De la même façon, je continuai au deuxième et au troisième étages. Mais les gens ici avaient été mutés récemment, donc il y avait peu de chances qu'ils soient sous l'influence du foyer Lamech, que nous pensions être le cerveau.
Jusqu'ici, je n'avais à faire attention qu'aux quelques noms du rez-de-chaussée, donc je ne sentais pas grand danger. Je disais qu'ils avaient une mauvaise réputation, mais c'était surtout du niveau de ventes par canaux illégaux ou de détournements — des choses présentes dans tous les royaumes.
À tout le moins, ce ne devaient pas être des gens qui feraient disparaître les Aventuriers dépêchés comme ce fut le cas pour Letina.
« Donc le quatrième étage, c'est le vrai enjeu. »
Me préparant mentalement, je gravillis l'escalier.
J'aperçus des boucles dorées qui m'attendaient au bout. Plus exactement, Letina m'attendait.
« Mais c'est n'importe quoi ! D'abord vous me chassez et ensuite vous commencez à rôder dans le dortoir ! » « Écoutez, Letina, normalement vous devriez être au bâtiment scolaire à cette heure-ci. » « J'ai prévenu les professeurs que je m'occupais de l'élève transférée, donc il n'y a pas de problème ! » « … Quel casse-pieds monumental. »
À quoi bon avoir retardé mon transfert si elle doit me coller comme ça ? Je veux dire, je n'ai rien contre le fait qu'elle s'accroche à moi, mais j'aurais aimé qu'elle prenne en compte le moment et l'endroit.
« Bon, il y a peu de monde aujourd'hui, mais faites attention quand il y en a plus, d'accord ? » « Je ne suis pas si dénuée de principes. Comptez sur moi. » « J'espère bien… »

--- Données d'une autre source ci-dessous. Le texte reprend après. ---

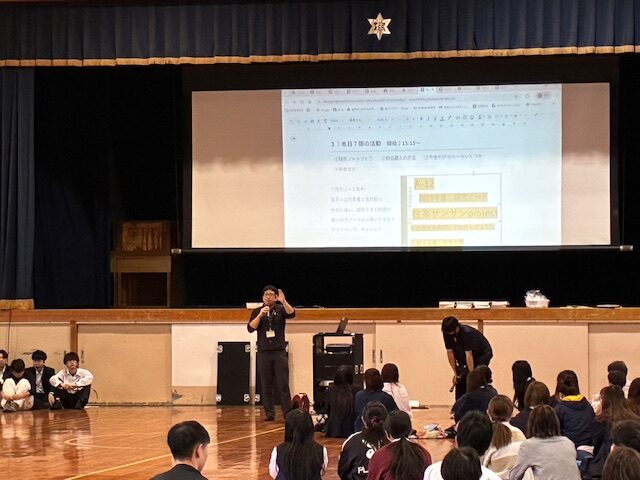 体育館で説明を聞いた後、担当教員からの助言をもらいます。大切なことは、先生に頼らず、自分で探究したいことをグループで検討し、、自主的に動くことです。6月の探究カフェ、9月と2月の探究フェスティバルを楽しみにしています。

Je poussai un gros soupir et montai, lui tapotant l'épaule en la croisant. En réponse, elle éclata d'un large sourire et m'enlaça par-derrière.
« Letina, vos pectoraux me font mal. » « Grrrrrrr ! Faire la maligne sous prétexte que les vôtres sont un peu plus gros, hein ?! »
C'était une bruyante, mais même ce côté d'elle me manquait, et ça me soulagea.